Likewise, Kjell Carlsson, head of data science strategy and evangelism at enterprise MLOps platform Domino Data Lab, believes that smaller, simpler models are always more suitable for real-world applications.

“None of the headline-grabbing generative AI models is suitable for real-world applications in their raw state,” said Carlsson. “For real-world applications, they need to be optimized for a narrow set of use cases, which in turn reduces their size and the cost of using them.
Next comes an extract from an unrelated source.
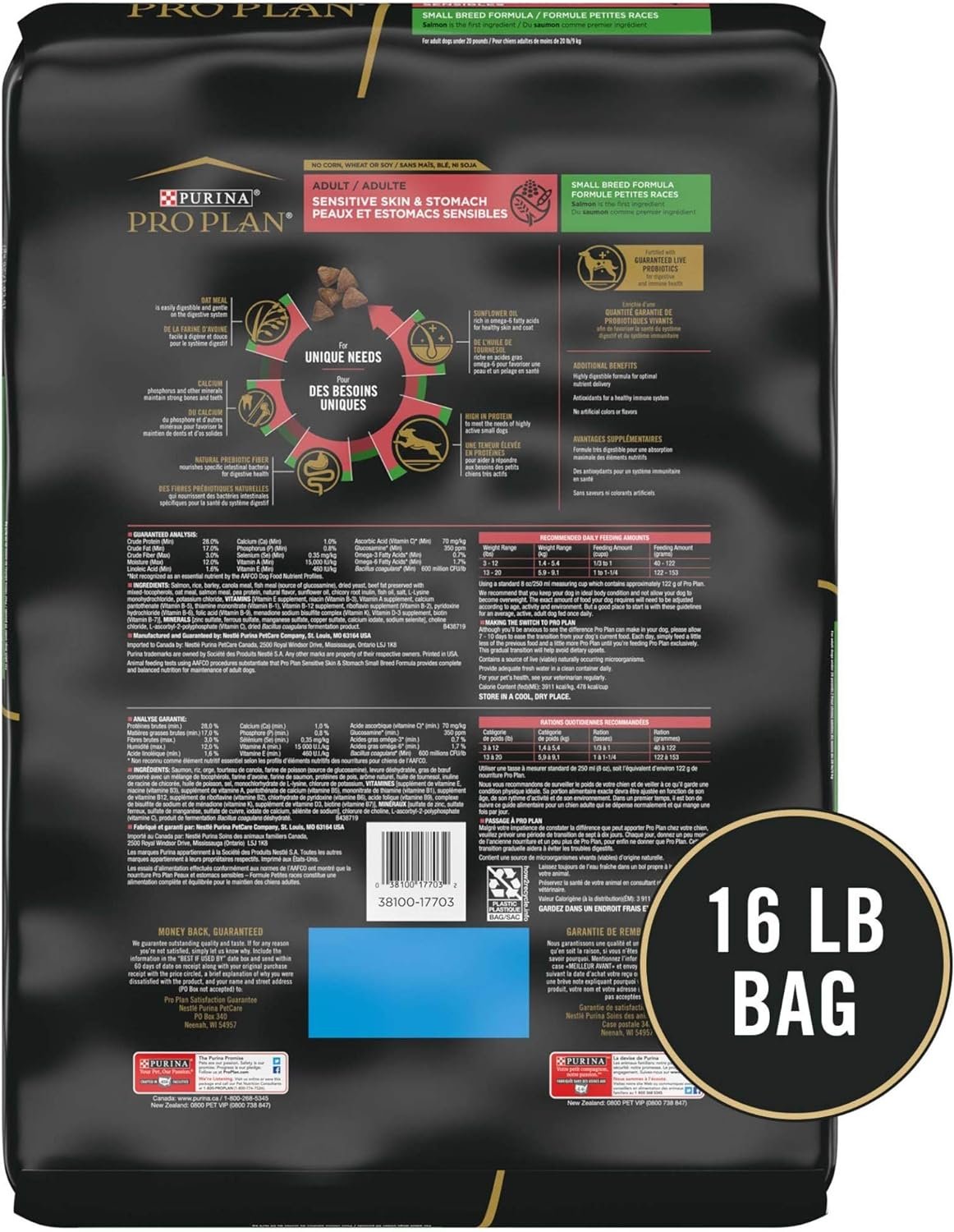 Help your small dog put his best foot forward with Purina Pro Plan Brand Sensitive Skin and Stomach Small Breed Formula adult dry dog food. This highly digestible dog food formula features salmon as the first ingredient, and every high-quality ingredient is carefully selected for a specific nutritional or functional purpose. Easily digestible oat meal in every serving of this sensitive skin and stomach dog food helps protect his digestive system, while natural prebiotic fiber nourishes specific intestinal bacteria for digestive health. Made without corn, wheat or soy, and without poultry by-product meal, this small dog food formula gives him wholesome goodness with every bite. Your dog gets the specialized nutrition he needs combined with 23 essential vitamins and minerals to help support his overall health and wellness. Give your canine companion a small breed dog food for sensitive stomachs formulated specifically for little dogs under 20 pounds, and enjoy his loving adoration.

A successful example is GitHub Copilot, a version of OpenAI’s codex model optimized for auto-completing code.”

The future of neural network architectures

Carlsson says that OpenAI is making models like ChatGPT and GPT4 available, because we do not yet know more than a tiny fraction of the potential use cases.

“Once we know the use cases, we can train optimized versions of these models for them," he said. "As the cost of computing continues to come down, we can expect folks to continue the “brute force-ish” approach of leveraging existing neural network architectures trained with more and more parameters."

He believes that we should also expect breakthroughs where developers may come up with improvements and new architectures that dramatically improve these models’ efficiency while enabling them to perform an ever-increasing range of complex, human-like tasks.

Likewise, Amit Prakash, cofounder and CTO at AI-powered analytics platform ThoughtSpot, says that we will routinely see that larger and larger models show up with stronger capabilities. But, then there will be smaller versions of those models that will try to approximate the quality of the output of smaller models.

“We will see these larger models used to teach smaller models to emulate similar behavior,” Prakash told VentureBeat. “One exception to this could be sparse models or a mixture of expert models where a large model has layers that decide which part of the neural network should be used and which part should be turned off, and then only a small part of the model gets activated.”

He said that ultimately, the key to developing successful AI models would be striking the right balance between complexity, efficiency and interpretability.